About 17-18 min later I got out and ran up the long hill to T1 … and enroute spotted my son! Woohooo – what a hero! He’d been in bed 45 minutes earlier and here he was with my chip (unlike a run, you don’t need it to trigger your start time as you start in the water … start time is the gun time)! I went through my T1 regime … almost lost my chip again (triathlon is such a faff) … and then was pushing the bike on the long route to the mount line, getting support from my son and suddenly feeling very motivated. I felt good as soon as I started cycling and really enjoyed the ride.
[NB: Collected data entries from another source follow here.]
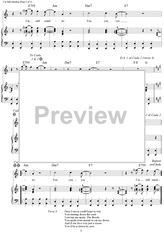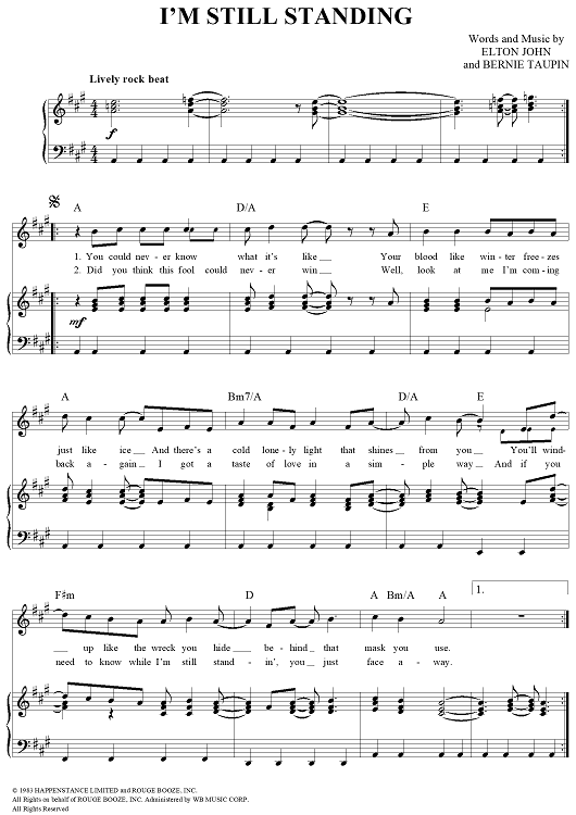 Digital Sheet Music for I'm Still Standing by Elton John, Bernie Taupin scored for Piano/Vocal/Chords; id:111150
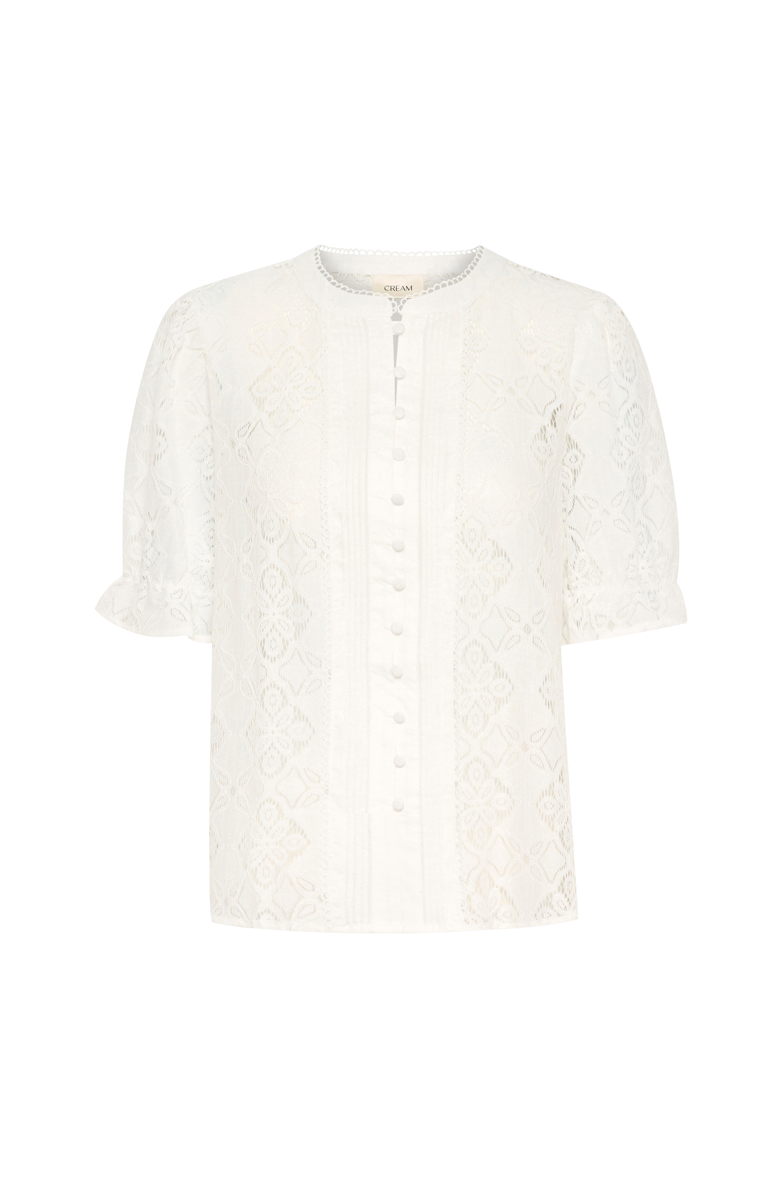 • Model i blonde• Rund hals• Syede biselæg på brystet• Beklædte knapper hele vejen frem• Ballonærme med elastik nederst
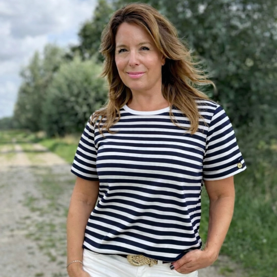 Het Navy wit gestreepte shirt Vivi is een veelzijdig kledingstuk met korte mouwen en een comfortabele ronde hals. Gemaakt van een mix van rayon, polyester en spandex, biedt het shirt een perfecte pasvorm voor maten tot 40-42. Geschikt voor zowel casual als formele gelegenheden. | Comfortabele pasvorm | Veelzijdig te dragen | Hoogwaardige materialen
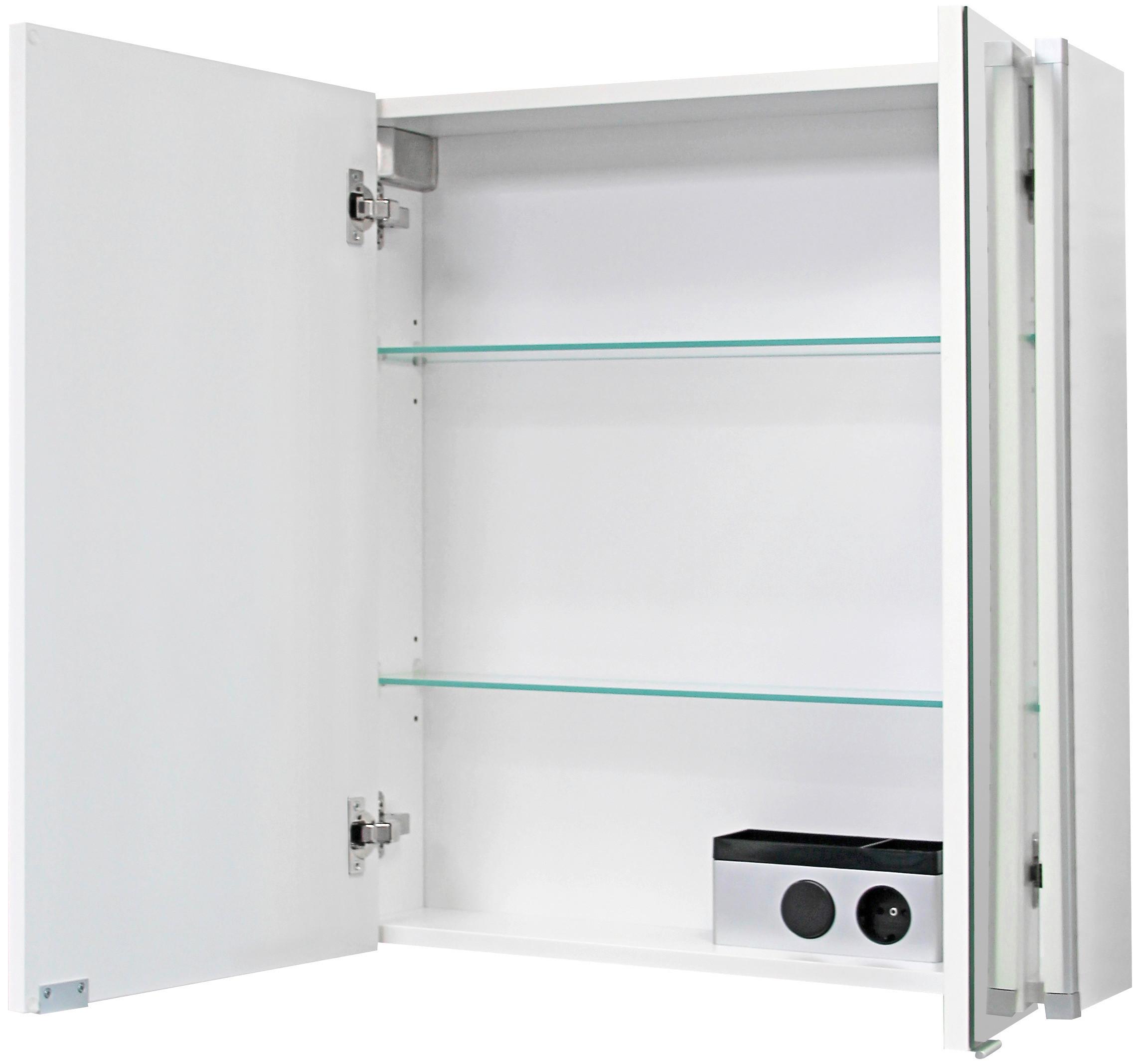 Spiegelschrank LED-Line 2 türig ca. 61×67 cm Weiß Glas, Holzwerkstoff MID.YOU Spiegel Weiß
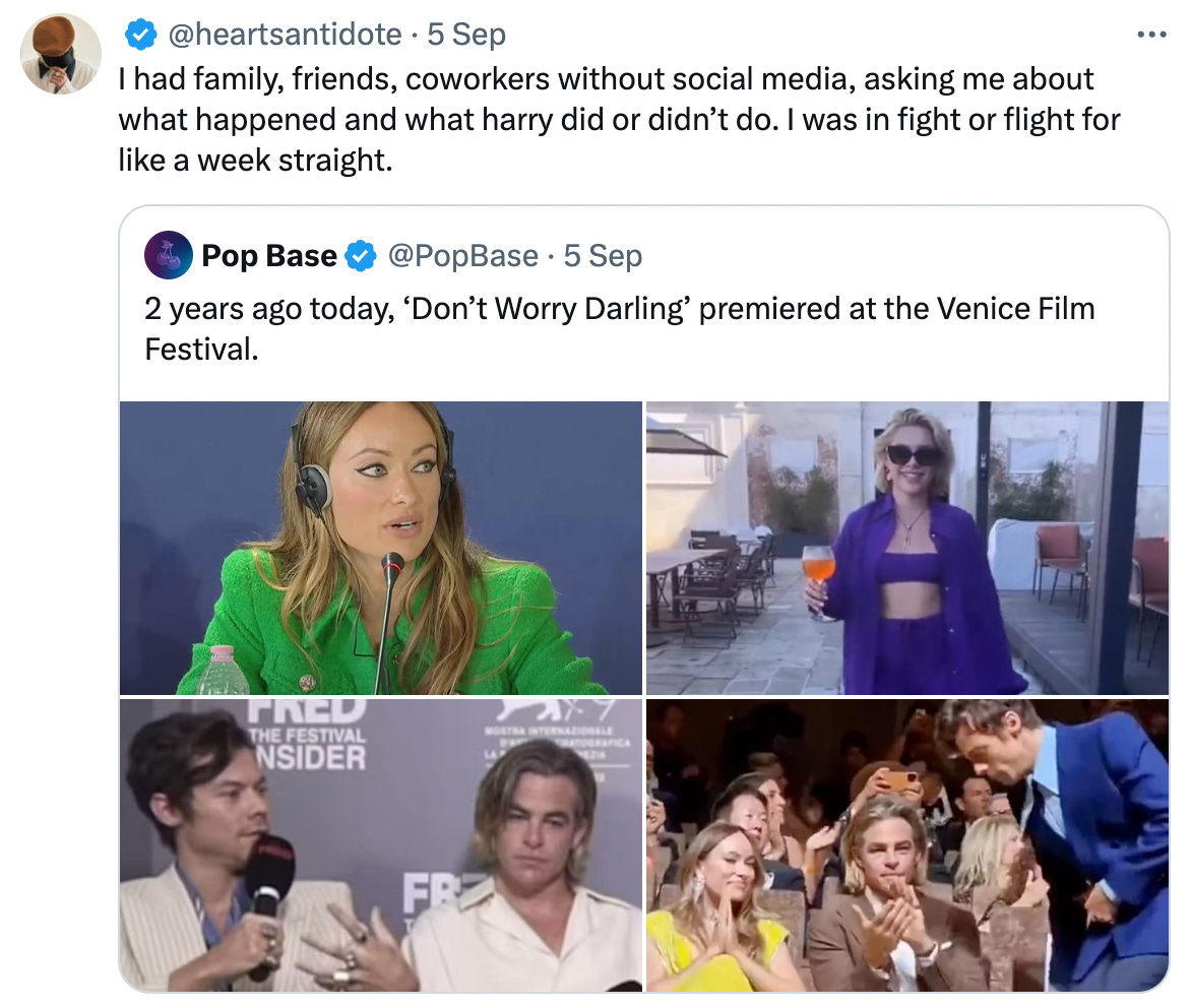 Speaking of the Venice Film Festival, 2 years ago this week, the infamous Don’t Worry Darling premiere took place. Florence “Miss Flo” Pugh ditched the press conference, the cast refused to interact with director Olivia Wilde, Harry Styles “spat” on Chris Pine, and gave us the iconic line- “you know my favourite thing about the movie is like it feels like a movie”. Ahh, good times.
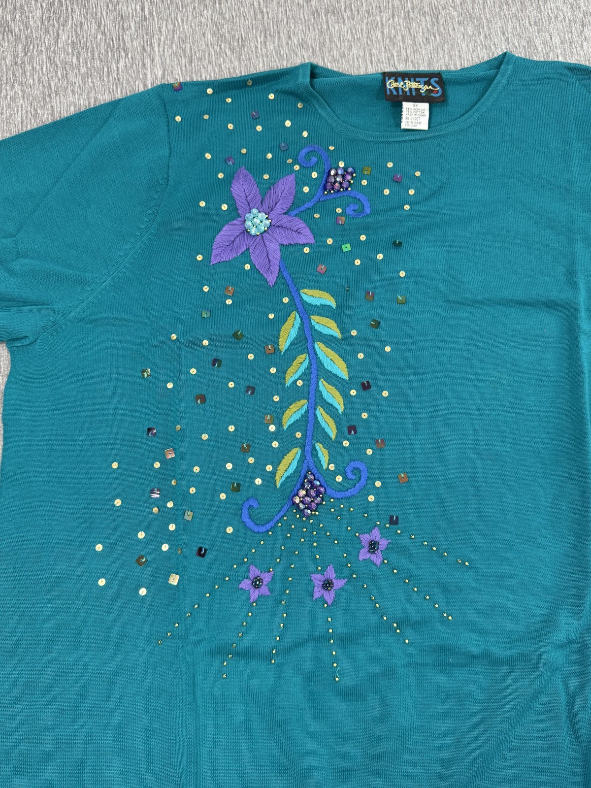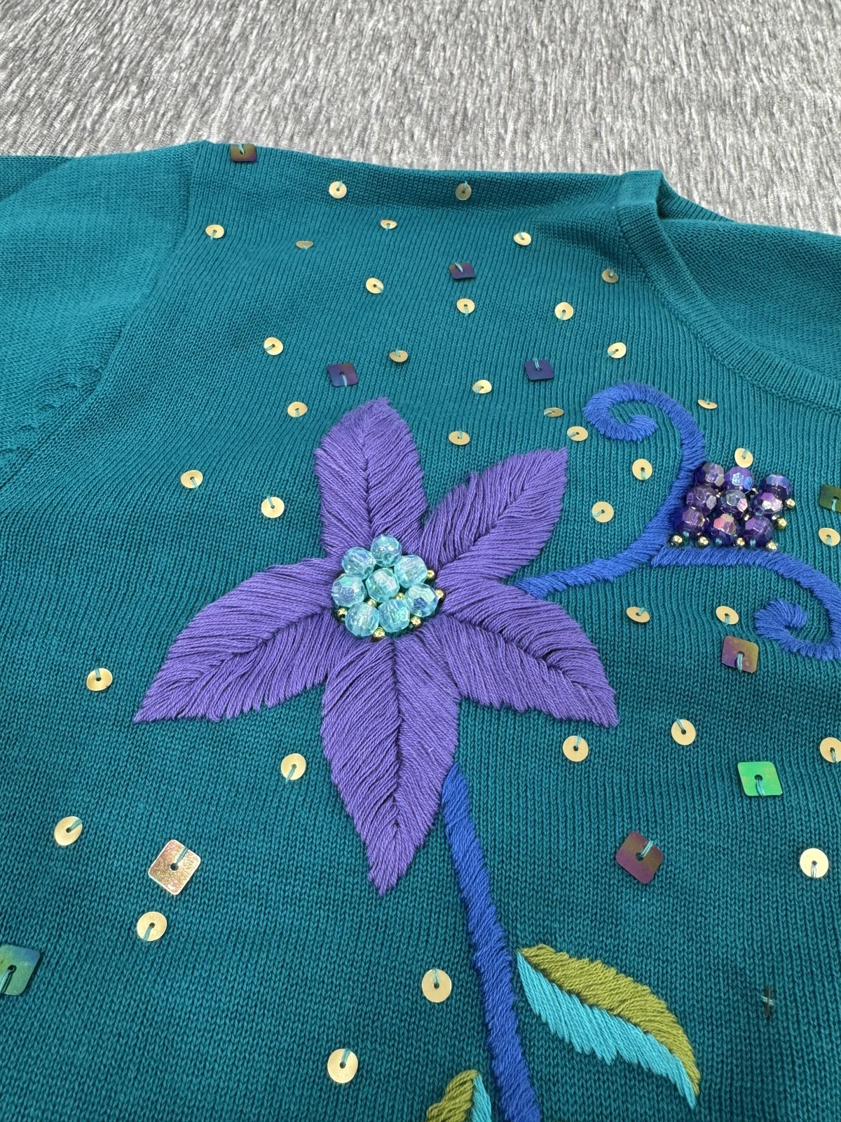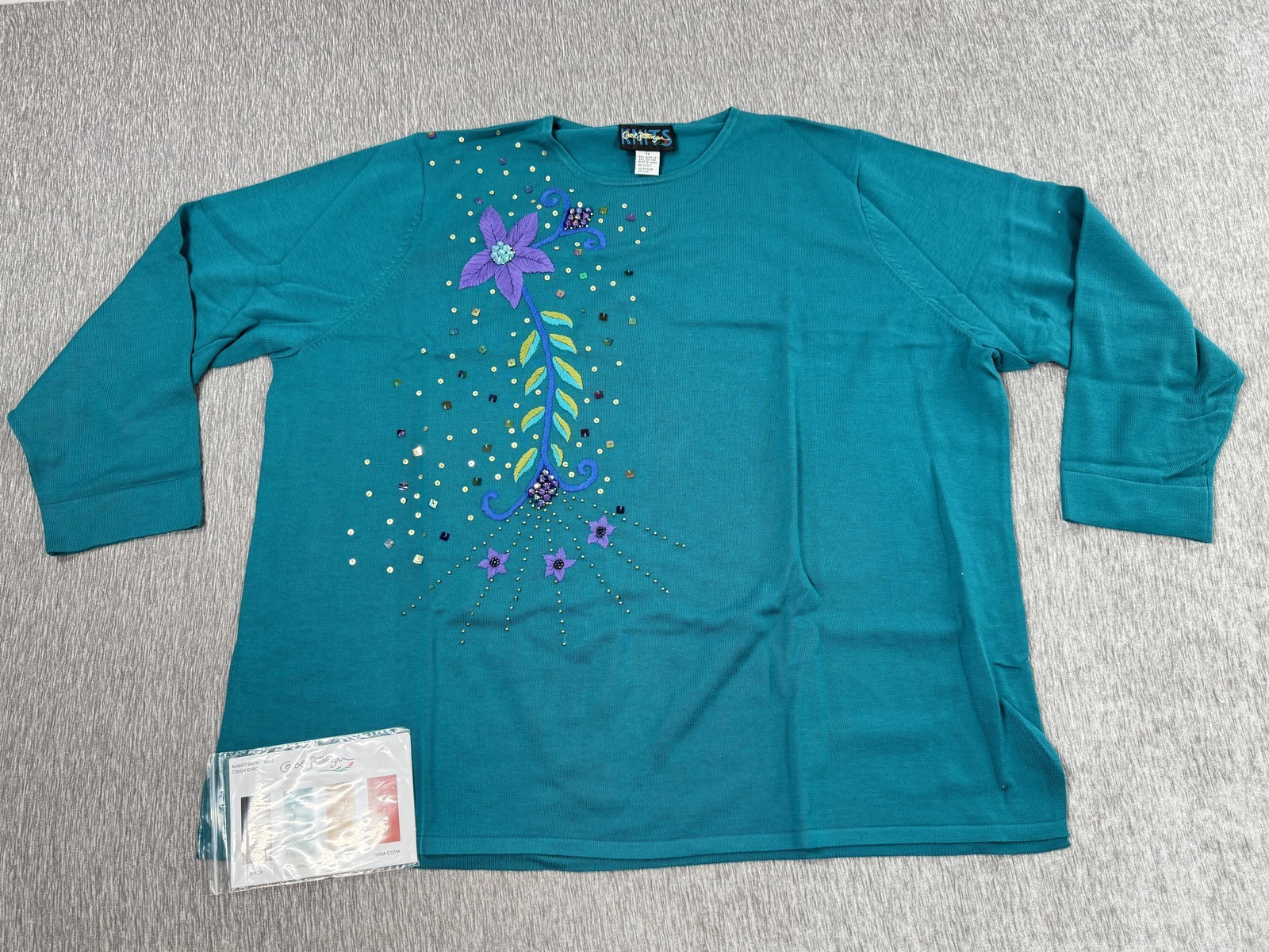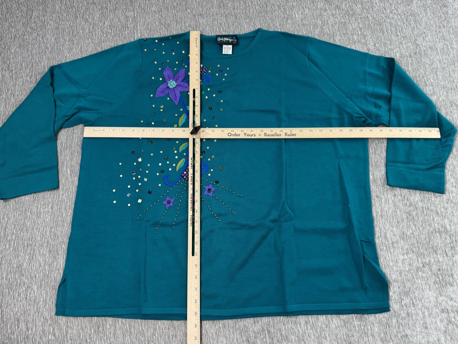Vintage Carol Patterson Knits Sweater Womens 3X Plus Teal Embroidered Beaded
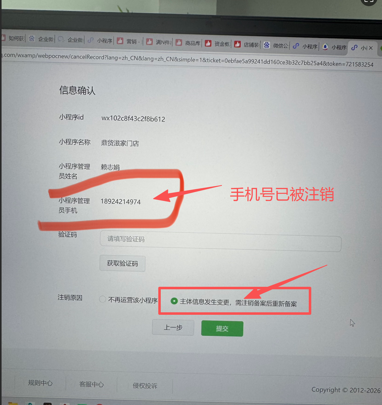 更换主体以后需要重新备案,但是注销备案环节还是出现原先管理员名字信息
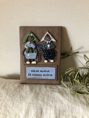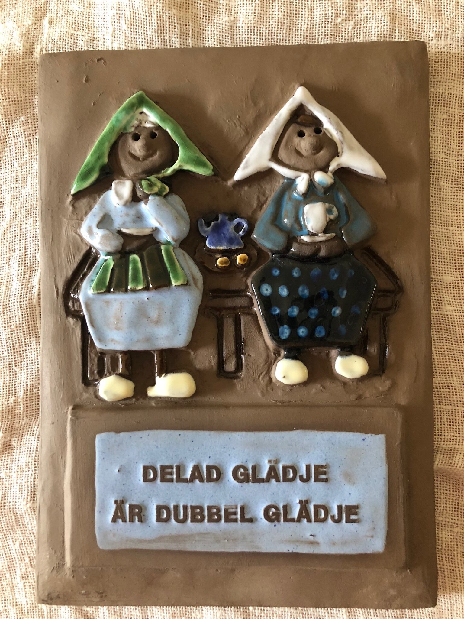 こちらは、スウェーデンの諺、「喜びをを分かち合えば喜びも2倍に」 と書いてあり、その諺の通り、テーブルを挟んで楽しそうにお茶を飲んでいる2人の女性の素朴な絵柄がとても可愛いらしい一枚♫
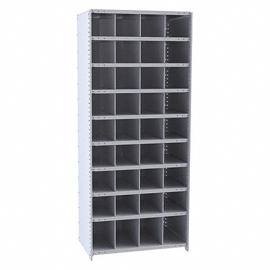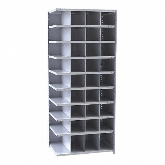 Centerline Dynamics Closed Metal Bin Shelving Starter Hallowell Hi-Tech Metal Bin Shelving 36"W x 12"D x 87"H 725 Dark Gray (32) 9"W x 9"H, (4) 9"W x 12"H Bins
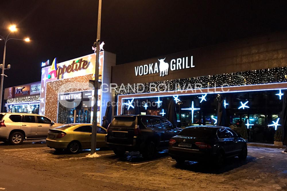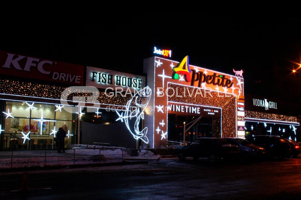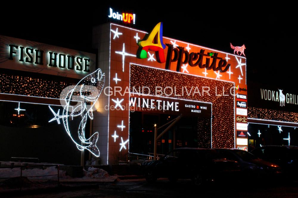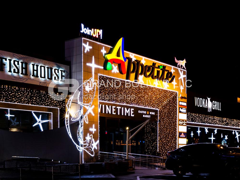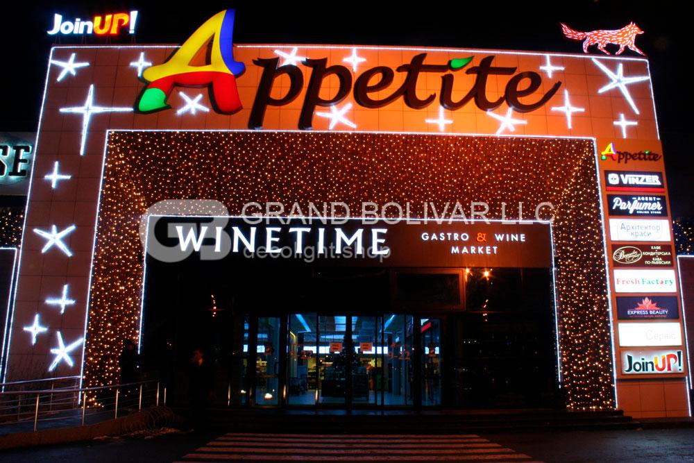Святкова ілюмінація фасаду ТЦ Appetite виконана в двох кольорах – теплий білий і холодний білий. Поєднання цих двох кольорів – це модний тренд у святковій ілюмінації останніх кілька років.
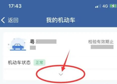 3、在我的機(jī)動(dòng)車(chē)車(chē)輛狀態(tài)中點(diǎn)擊下方的【箭頭】打開(kāi)更多彈窗;
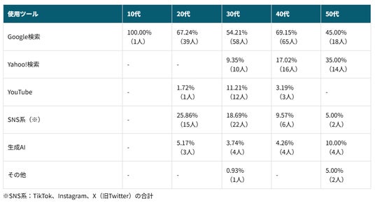 20代はX(旧Twitter)・TikTok・InstagramといったSNS系ツールの利用率が他世代より高い傾向を示している一方、50代ではYahoo!検索35.00%と高い数値となっており、従来型の検索エンジンへの依存度が高いことが分かります。
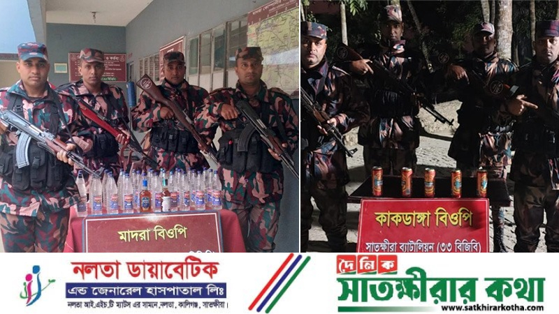 - সাতক্ষীরার সীমান্ত থেকে ১৪ বোতল মদসহ ৬ লাখ টাকার ভারতীয় মালামাল জব্দ
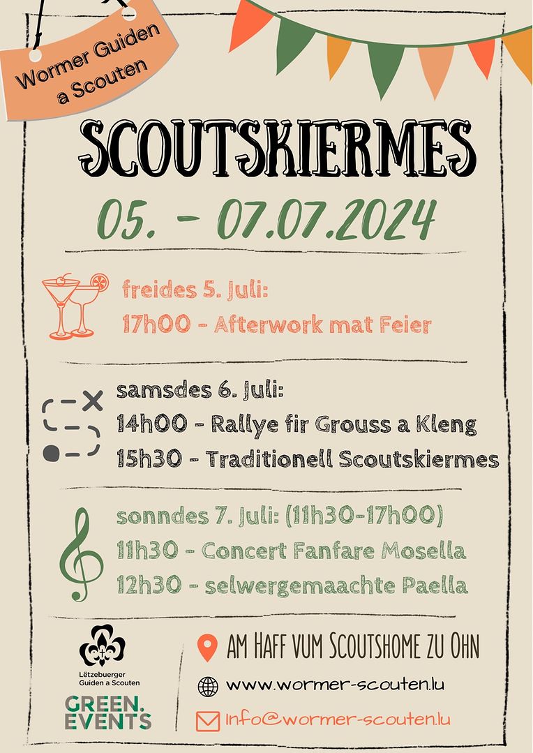 Die Wormer Guiden a Scouten aus Ahn laden Sie herzlich zu ihrer traditionellen Scoutskiermes ein, welche vom 5. bis zum 7. Juli in Ahn beim Scouts-Chalet stattfinden wird.

Great fun passing the HPH support in Headingly too – they sang me Happy Birthday! I took a whopping 6:39 off last year’s bike time – same route and same bike – so that demonstrates the difference TdY training made. I managed 18.1 mph on a pretty hilly route on a standard road bike (don’t own a fancy TT bike). However, the same cannot be said for the run where I was 2:48 down on last year! My main issue was a bad lower back from the hard cycling and just couldn’t get moving comfortably. I usually enjoy the run stage but this one was grim – I’ve only managed 230 miles in the last 6 months, so perhaps not surprising.
Give it a go!
They say a change is as good as a rest – when it comes to being injured, a change is often better than a rest. Using the bike (and occasionally the water) had kept me motivated and focused on training while I’ve been unable to run properly and it means I am now ready to crack on with readying myself for event #3 – the Yorkshire marathon. Even if you’re not injured, a change can help you to re-energise and re-motivate yourself.
The great thing about cycling is that you recover very quickly. After TdY, I was heavy-duty gardening the next morning (bank holiday Monday) and was back bike commuting to work on Tuesday morning. Likewise, after the ITU, I was up the next morning bike commuting. Compare that to post marathon when you can’t get out of bed or walk down stairs! So using a bike is a great way to add in extra aerobic exercise to your running regime, without the equivalent training strain. Give it a try! Look out for opportunities to cycle and swim on the HPH Tri Facebook group and join in!
Despite the running down time, I feel in pretty good shape and I feel the running legs will come back very quickly (but hopefully not the foot issues!). And I am now rather looking forward to the purity and simplicity of marathon training … no equipment to worry about or lists of kit to collect together – just me and my legs and the long lonely miles.